This is the new me. The me that has to be tube fed due to gastroparesis, and intestinal dysmotility. It seems my entire GI system is malfunctioning. My Ehlers Danlos and Dysautonomia are wreaking havoc on my body. My levels were dangerously low, and I was malnourished. my weight was dropping rapidly. I fought hard to not get the GJ tube, unfortunately I had to make the best decision for myself and my health. I’ve struggled emotionally with this. I cried for two days every time I looked in the mirror. I struggled with the insecurities of this. This hasn’t been easy for me. I’ve lost friends, I’ve had family turn their back on me. I fight, I stand tall. The new me will rock this, I won’t be ashamed of it, for it doesn’t change me. It allows me to live. To get the nutrients my body so desperately needs. Without this, I’d be starving to death. And that isn’t an option. I look at myself and realize how strong I am. How hard I fight to never give up. This is Ehlers Danlos, this is Gastroparesis. Gastroparesis is a horrible disease, but i refuse to give up. My feeding tube saved my life. I’m going to embrace it.
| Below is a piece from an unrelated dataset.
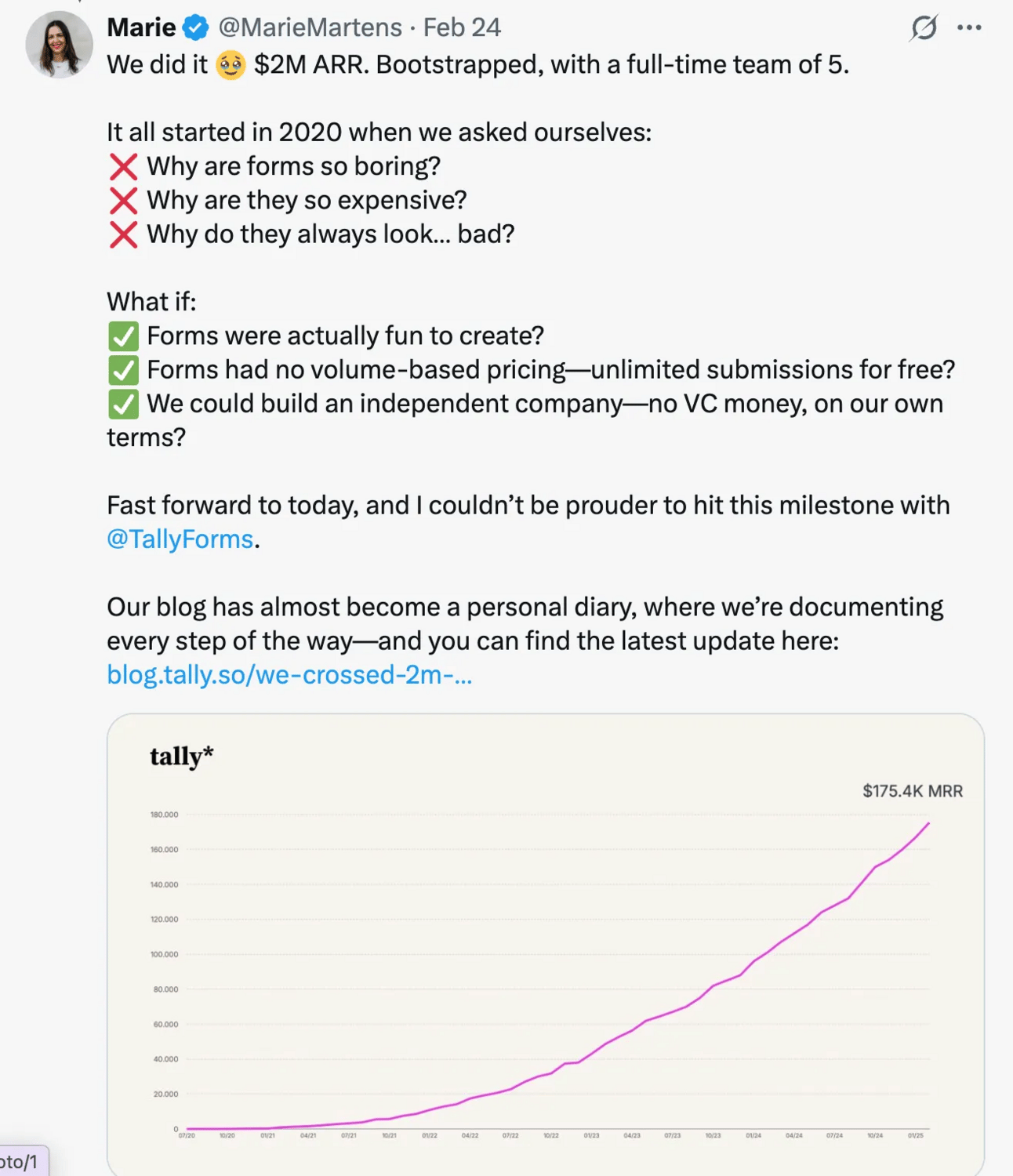 As of early 2025, Tally has surpassed $2 million in Annual Recurring Revenue (ARR) with a lean team of five, all while remaining self-funded and independent. And the story of tally is also a build in public story.

I’m unstoppable. Most importantly, i’m NOT a burden. I’m not an inconvenience. I’m hoping to go back to school. Get my degree in Interior Design. I want to specialize in Handicap Accessible homes/businesses. All inclusive. I dream of having my own firm. I’ll get there. Some day. I’l do it, for i’m not giving up. I’m just getting started.. This phoenix will continue to rise from the ashes. My darlings, I want you to rise too. I want you to believe in yourself. Go after your dreams.  Don’t give those up!!!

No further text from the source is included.